Attributes in SAP BW are applicable to all characteristic values of a characteristic and hence are applicable only to the leaf members of all hierarchies within a dimension (the leaf nodes of all hierarchies must the characteristic values), or in the case of a recursive presentation hierarchy, to all nodes in the hierarchy.

In a presentation hierarchy in which one or more levels are based on different characteristics, only those of the “default” properties of the external characteristic that are the same as those of the base characteristic are accessible in data queries. Consequently, the business modeling application determines which of an external characteristic's properties are the same as those of the base characteristic and adds these to the entity that represents the hierarchy as attributes associated with the level in question.

The “default” properties in SAP BW are:

Key

Name

Short name

Medium name

Long name

All other non-default properties of an external characteristic are only accessible within the hierarchies of the characteristics themselves.

Multiple Languages

SAP BW supports the installation of one or more languages on an individual server. Characteristic values may be defined as language dependent and have defined values defined for one or more of the server's installed languages. When a user logs onto a BW server, they can specify a language identifier. This in turn determines which language dependent text is used for characteristic values, amongst other things. In the case that there is no text for a particular language, the text of the default server language is used.
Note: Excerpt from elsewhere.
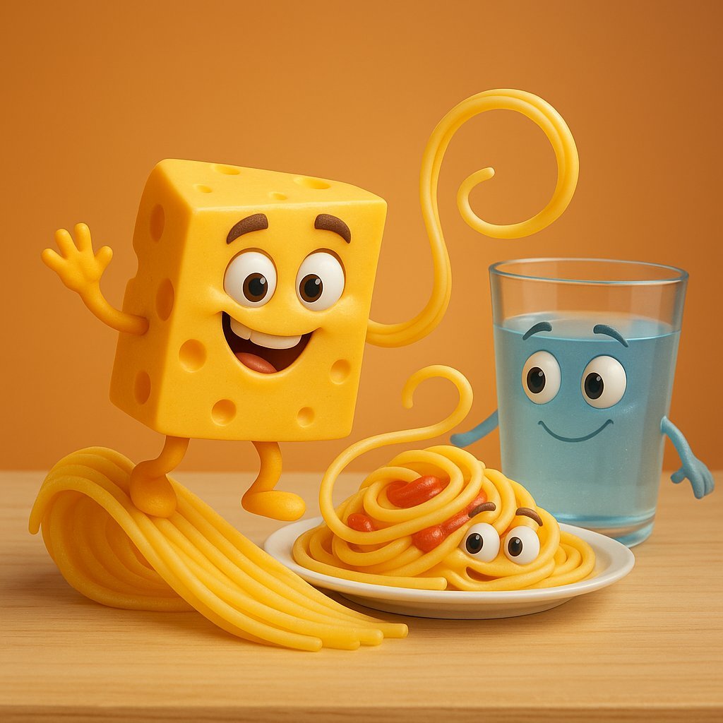 – Én vagyok a legfontosabb! – puffogott Sajti. – Nélkülem a tészta unalmas!

When creating an E/R schema from an SAP BW data source, the business modeling application determines the languages installed on associated server and connects to the server once for each language and adds the language-specific text for all objects to the E/R schema:

Folder (dimension group)

Folder (dimension)

Entity (hierarchy)

Attribute (level or attribute/property)

Attribute (key figure)

Data source (InfoCube, InfoQuery, etc.)

Time Hierarchies

The identification of time dimensions (currently by name, but possibly in the future based on SAP BW metadata) and their associated hierarchies allows the business modeling application to provide more meaningful names to the levels of these hierarchies, such as “Year” or “Month” as opposed to the default SAP BW hierarchy names exposed through the OLAP BAPI, such as “LEVEL00” and “LEVEL02”.

In addition, in the case of characteristics derived from the 0DATE characteristic, the leaf level members can be identified as being of type date as opposed to string/text, thus allowing use of date/calendar controls for value input/selection and date formatting for display purposes.
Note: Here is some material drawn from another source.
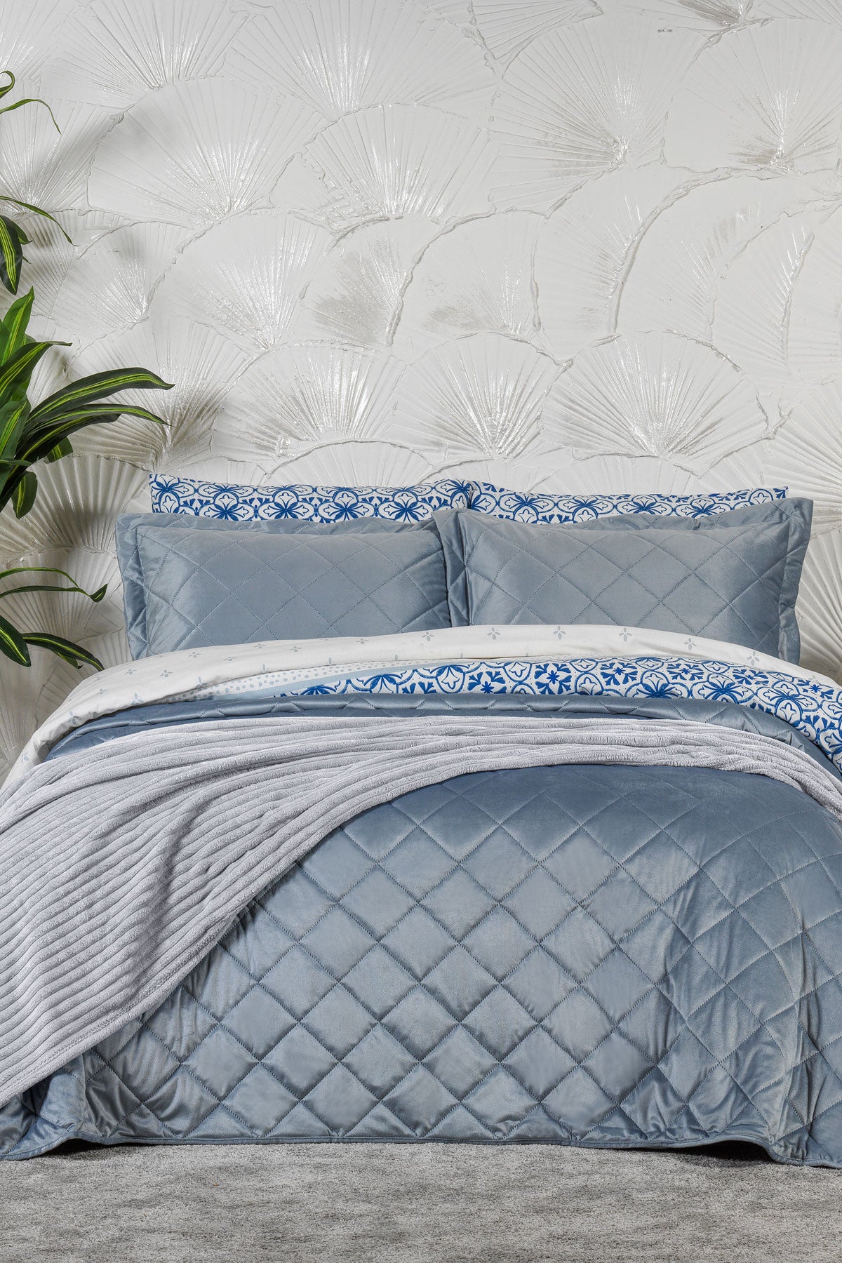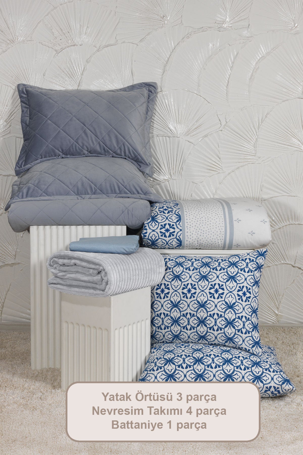 8 parçadan oluşmaktadır. Kombin set her mevsimde farklı kullanıma uygun parçalarıyla dekorasyonunuza uyum sağlayarak yatak odalarınıza modern ve zarif bir dokunuş getirecektir. Yatak örtüsünde kullanılan Fransız kadife kumaşın yumuşaklığı, modern kapitone deseni ile buluştu. Pamuklu nevresim takımı pamuklu kumaşı ile doğal hava geçirgenliği sağlayarak rahat ve konforlu bir uyku deneyimi sunar. Lastikli çarşafı, yatağınızın tamamını sıkı bir şekilde sararak kayma ve toplanma yapmaz. Battaniye; sıcak ve yumuşak yapısı ile soğuk havalarda vazgeçilmeziniz olacaktır. Günlük kullanıma uygun tüm parçalarıyla bu set; sıcak havalarda yatak örtüsünü, soğuk havalarda nevresim takımı ve battaniyeyi kullanarak dört mevsimde tüm ihtiyaçlarınıza pratik kullanım sunarak cevap verecektir. Dayanıklı ve makinede 30 derecede yıkanabilir parçalarıyla uzun yıllar keyifle kullanacaksınız. Kurutma makinasında düşük ısıda kurutma yapılabilir.

Manipulation of the Member Unique Name

Each level of a hierarchy is represented in the E/R schema by an attribute in the associated hierarchy entity. The values of this attribute, by default, would be the member unique name (MUN) as returned by the OLAP BAPI. However, the MUN is a contrived value that is constructed within the OLAP BAPI and holds little, to no, significance to end users.

Instead of presenting the entire MUN value to end users, it is possible for a reporting application to extract the “key” portion of the MUN and display it to the end user. MUNs are composed of two portions:

Part #1

Dimension, followed by optional hierarchy name.

Part #2

Key value, followed by optional (external) dimension name.

The key value can be extracted and displayed to the end user. However, if a user should use this value in turn as a filter upon data, it is necessary for the reporting tool to be able to convert this “key” portion back into a complete MUN.

The algorithm for converting a “key” into a complete MUN requires additional metadata that the business modeling tool extracts while constructing the E/R schema. For each hierarchy, the following information is extracted and stored in the E/R schema:

The Type of Hierarchy

Default

Described above, this hierarchy contains a single “ALL” member at level 0 and all characteristic values at level 1.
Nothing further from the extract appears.